Mapping

hgvs.assemblymapper

class hgvs.assemblymapper.AssemblyMapper(hdp, assembly_name=u'GRCh38', alt_aln_method=u'splign', normalize=True, prevalidation_level=u'EXTRINSIC', in_par_assume=u'X', replace_reference=True, *args, **kwargs)

Bases: hgvs.variantmapper.VariantMapper

Provides simplified variant mapping for a single assembly and transcript-reference alignment method.

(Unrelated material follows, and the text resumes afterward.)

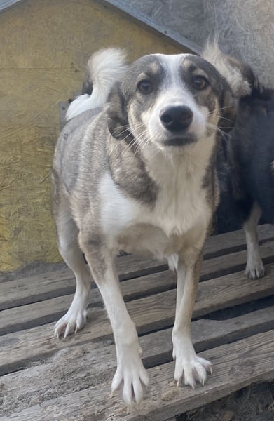 Inka, Mischlingsmädel, geboren am 09.09.2021, hat eine Schulterhöhe von ca. 45-50 cm und wiegt ca. 15 kg.

AssemblyMapper is instantiated with an assembly name and alt_aln_method. These enable the following conveniences over VariantMapper:

• The assembly and alignment method are used to automatically select an appropriate chromosomal reference sequence when mapping from a transcript to a genome (i.e., c_to_g(…) and n_to_g(…)).
• A new method, relevant_trancripts(g_variant), returns a list of transcript accessions available for the specified variant. These accessions are candidates mapping from genomic to trancript coordinates (i.e., g_to_c(…) and g_to_n(…)).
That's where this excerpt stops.